Retroviral transduction of astrocytes. Retroviral transduction was performed as previously reported (Hiatt et al., 2001) with minor modifications. Nf1flox/flox astrocyte cultures containing equal numbers of astrocytes were infected twice, first for 4 hr and then overnight with either murine stem cell virus (MSCV)-Pac or MSCV-NF1GRD-Pac in the presence of 10 μg/ml polybrene (Specialty Media, Phillipsburg, NJ). Forty-eight hours after infection, transduced astrocytes were selected in medium containing 2 μg/ml puromycin for an additional 48 hr. After expression of NF1GRD was confirmed by Western blot, the same plates were used for adenoviral infection with either Ad5-Cre to inactivate Nf1 or Ad5-LacZ (control).

Results

Neurofibromin is required for PACAP-induced cAMP generation

To determine whether neurofibromin is required for PACAP-mediated astrocyte cAMP production, we disrupted neurofibromin expression in Nf1flox/flox neonatal cortical astrocytes using Cre recombinase (Fig. 1a, inset).
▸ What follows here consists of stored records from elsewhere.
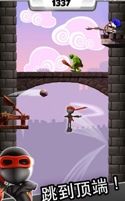 游戏操作简单,玩家只需要触摸屏幕,手向左滑忍者向左爬,向右滑动,忍者向右爬,然后做到控制忍者躲避各种障碍物,让忍者爬的越高,玩家得分也就会越高,接下来我们正式进入这款游戏。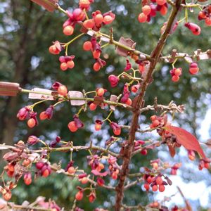 山で見たニシキギ(錦木)…だと思います😅 赤い実と翼と呼ばれる硬いコルク状の枝が特徴ですね😊 私はカミソリの木という名前で覚えていました。 枝が昔のカミソリの形に似ていますね🤗 錦木という名前も素敵ですね。 もう少しすると葉っぱが綺麗に色づくようで、それが名前の由来だそうです🍁🍂 そんな姿もまたぜひ見てみたいですね🍁
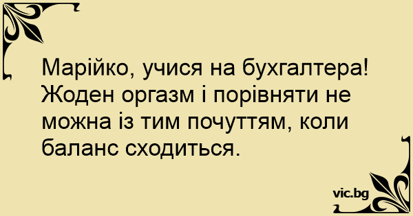 Марійко, учися на бухгалтера! Жоден оргазм і порівняти не можна із тим почуттям, коли баланс сходиться.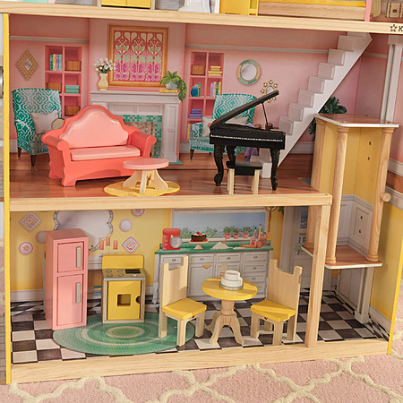 Product Description: | Welcome home to the cheerful and cozy KidKraft Lola Mansion Dollhouse! Standing over four feet tall and featuring four levels of play, this wooden dollhouse is spacious enough to house big dreams and big play! There are six rooms and an expansive carport to explore. This dollhouse is for 12" toy dolls and includes six rooms, an expansive carport, 30 pieces of doll furniture and other doll accessories, a working elevator, a staircase, an attic, an easel with a sticky notepad. Some pieces even have light and sound features (batteries are included). Each room of this KidKraft Wooden Dollhouse is full of bright colors and lifelike graphics for hours of storytelling and role-playing for your child! And with our innovative EZ Kraft Assembly™ technology, there's easy-to-assemble parts with fewer hardware, so there's less time building so your little ones can spend more time playing! Suitable for 3 years and older. Fun and interactive indoor dollhouse for kids to help spark creativity and learning; assembled product height is over 4 feet tall (52") Designed with four levels, six rooms, a large patio with lights and railing detail, and a spacious carport (doll vehicles not included) Expansive 30-piece accessory set with lights and sounds; includes a staircase, full kitchen and dining set, bedroom set, and more Dollhouse mansion includes bright colors and detailed graphics, including a vanity dresser, a cozy window nook, and a grand fireplace Working elevator glides to the second floor, and the second-floor staircase offers access to the third floor Sticky notepad-sized easel for drawing or writing notes Sturdy wood construction with premium, recyclable materials for long-lasting play |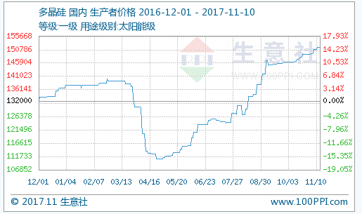 据生意社大宗榜数据显示,本周多晶硅市场价格继续上涨,涨幅为0.53%,周末国内企业对外报价平均在152000元/吨,当前价格同比去年下跌1.70%。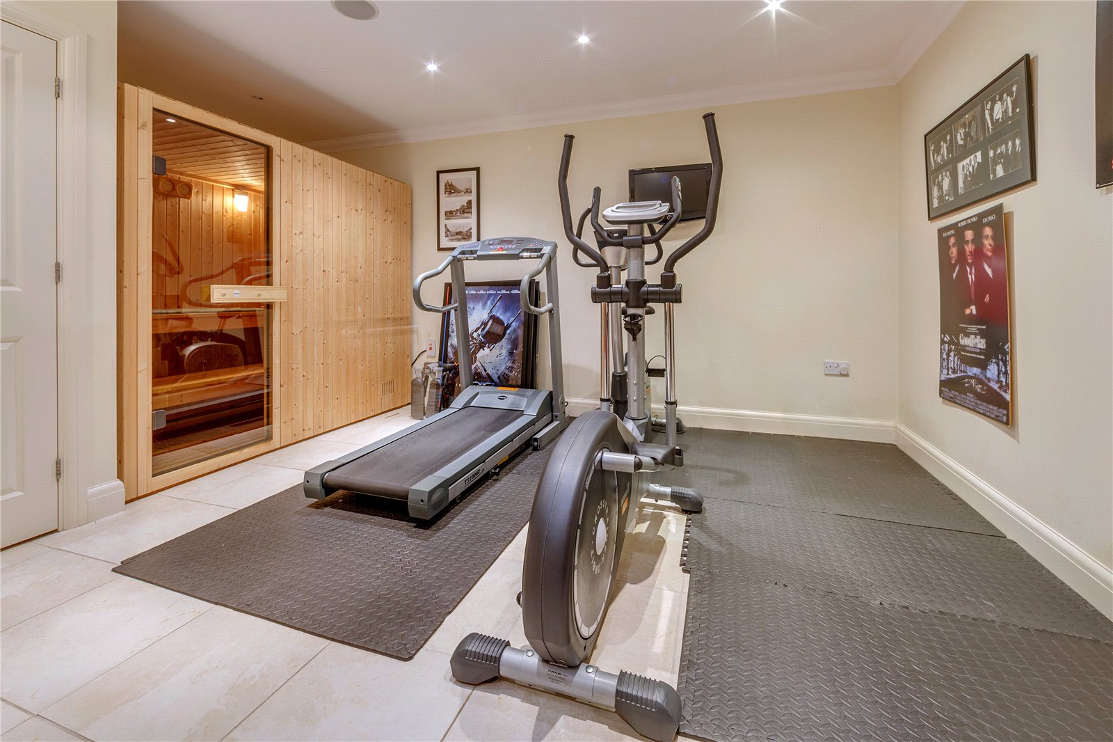 The lower ground floor of the house features a home cinema, a gymnasium that leads to a sauna room and a shower room.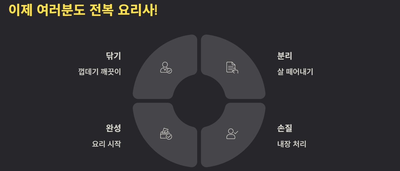 신선도 유지가 포인트이므로 가능한 빠르게 조리하는 것이 가장 좋습니다.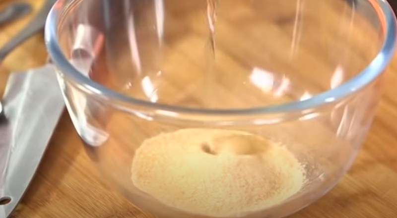 3. В глубокую миску всыпаем подготовленный желатин. Заливаем все небольшим количеством воды комнатной температуры. Теперь все нужно размешать до полного растворения желирующего вещества.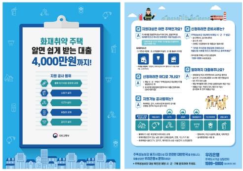 화재예방, 감지, 소화(소방)에 필요한 공사를 진행할 경우 세대(호) 당 최대 4천만원, 연이율 1.2%(5년 거치, 10년 상환) 대출이 가능하다.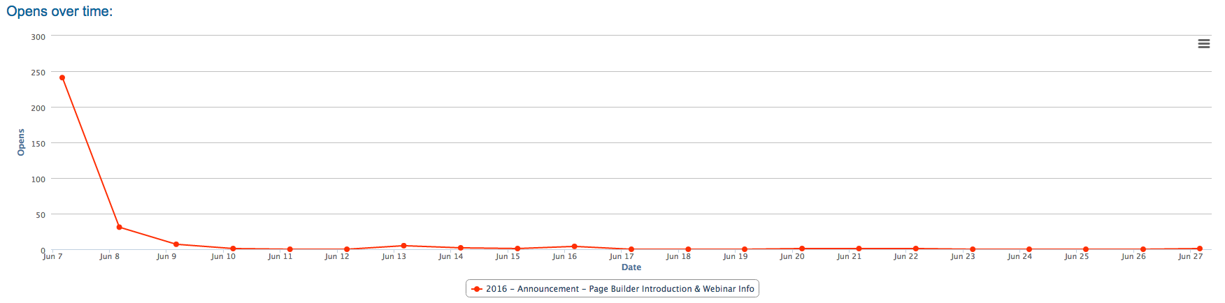 If you ‘mouse over’ the graph at a given point, you’ll see a count of the opens that occurred on that date.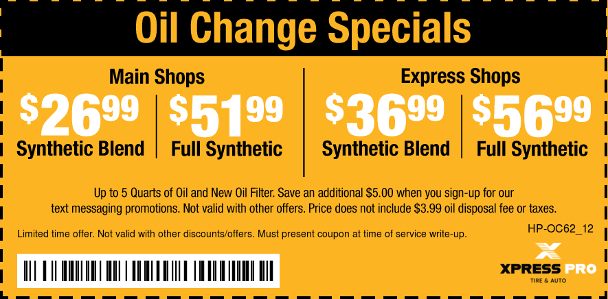 Good only atXpress Pro Tire & Auto Greenwood US31 Schedule Service Print coupon Offer details Oil Change Specials $26.99/$51.99/$36.99/$56.99 * See coupon for exclusions. Email Coupon First name * Last name * Email address * Sign me up to receive future text offers from Xpress Pro Tire & Auto Greenwood US31 : Via Text Cell/Mobile Phone By clicking "I accept" below, I expressly agree to receive marketing text messages made by or on behalf of Xpress Pro Tire & Auto Greenwood US31 to the telephone number(s) I’ve listed above. I understand that I may receive such text messages by the use of Automatic Telephone Dialing Systems (including “Predictive Dialers” or “Autodialers”) and I agree to receive them even if I have registered my number(s) with my state or federal Do-Not-Call list(s). I understand that such text messages will include advertising containing offers for goods or services and that I may revoke this consent at any time by telephone, return text message or by Visiting xpresspro.com/local/in/greenwood-us31/stop to unsubscribe. Message and data rates may apply. I also understand that I am NOT required to provide this consent as a condition of purchasing goods or services. I accept View: Text Specials Terms and Conditions with this link.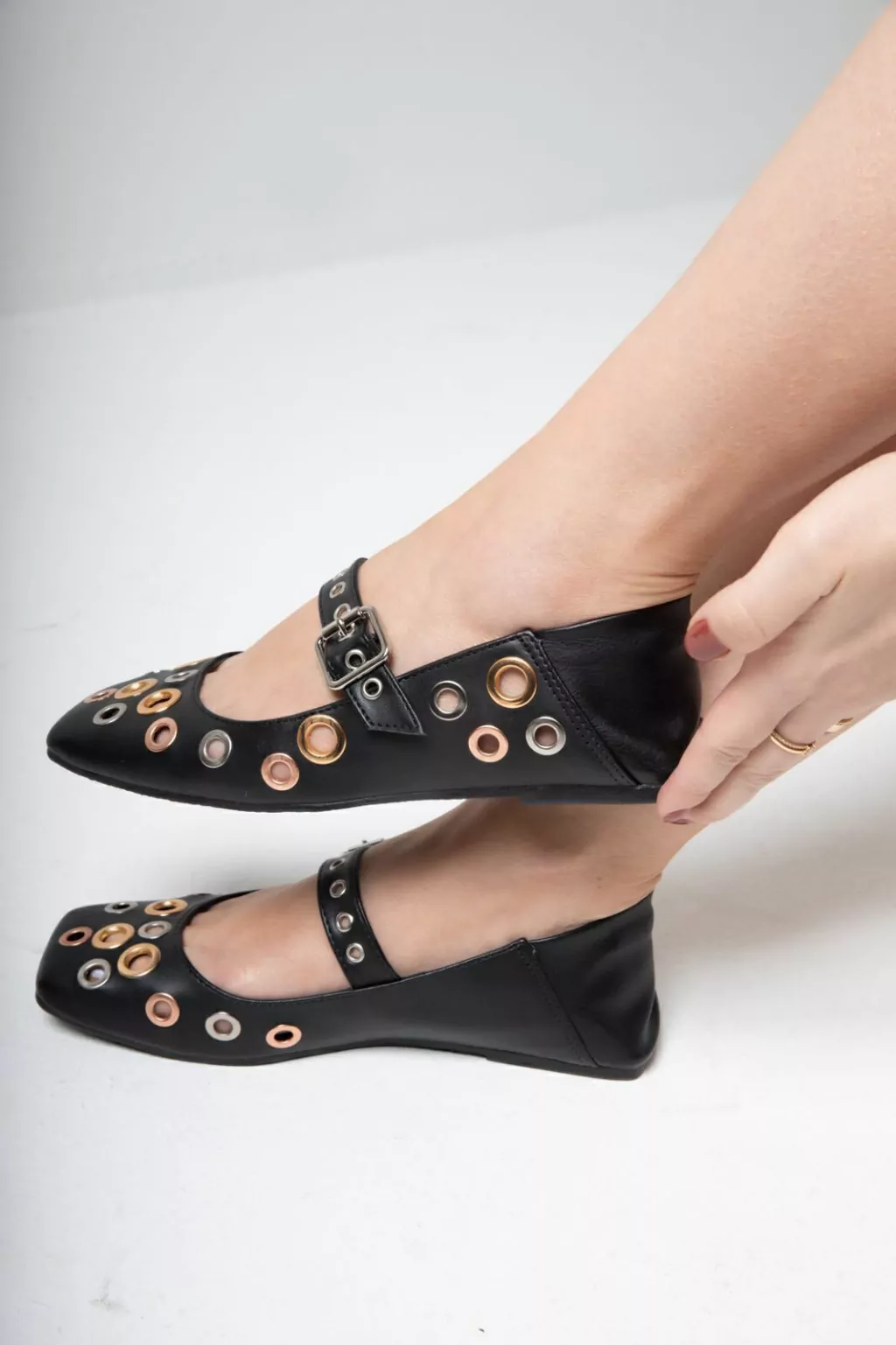 A sapatilha voltou pra ficar em nossos closets, desde looks mais clássicos e românticos ha composições mais pesadas e urbanas, o Sofia trás elos em três banhos,facilitando a combinação com outros acessórios.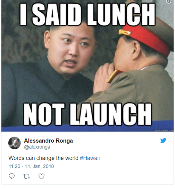 Die Regierung von Hawaii schätzt das anders ein: Im Falle eines echten Angriffs aus Nordkorea blieben den Bürgern zwischen Alarmierung und Einschlag 12 bis 15 Minuten Zeit, sich in Sicherheit zu bringen, wurde im Oktober 2017 in einem Informationsschreiben vorgerechnet. Es werde damit gerechnet, dass 90 Prozent der Inselbewohner so einen Angriff überleben könnten.
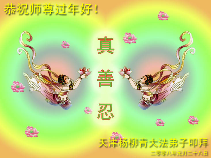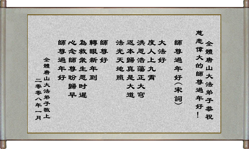 向伟大的师尊致以崇高的问候:师父新年好! 我一定会正视自己的不足,找到自身存在的问题,及时归正,更加努力的做好三件事,请师父放心!紧跟正法進程,稳健的走好、走稳、走正助师正法之路,让我们无愧于“正法时期大法弟子”这一称号。 合十 2008年2月1日 全体秦皇岛大法弟子恭贺师父传统佳节新年好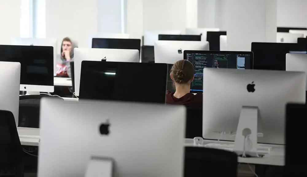 In the past, terminals occupied most of the desk, but today they are much slimmer.

No changes in PACAP receptor (PAC-1-R) expression were observed at the RNA (data not shown) or protein level (Fig. 1a, inset) after Nf1 gene inactivation. Serum-starved Nf1+/+ and Nf1-/- astrocytes were stimulated with PACAP at several concentrations, and intracellular cAMP levels were measured. Intracellular cAMP levels were significantly decreased in Nf1-/- compared with Nf1+/+ astrocytes in response to both 10-9 and 10-11m PACAP (66% reduction; p = 0.001) (Fig. 1a). Because neurofibromin functions as a GAP for RAS, we next determined whether activated Ha-RAS expression resulted in decreased cAMP levels in response to PACAP. In contrast to Nf1-/- cells, we observed no effect of activated RAS expression on baseline or PACAP-induced cAMP generation (B8 RAS transgenic astrocytes) (Fig. 1a). In addition, RAS inhibition using the farnesyltransferase inhibitor l-744,832 did not significantly alter cAMP generation in either wild-type or Nf1-/- astrocytes (14.1 vs 15.6% reduction, respectively) (Fig. 1b). At this concentration, RAS pathway activation is significantly inhibited, as reflected in reduced activated phospho-MAPK (Fig. 1b, inset). Collectively, these results suggest that neurofibromin-regulated cAMP activity is independent of RAS activation.

Figure 1.

Figure 1.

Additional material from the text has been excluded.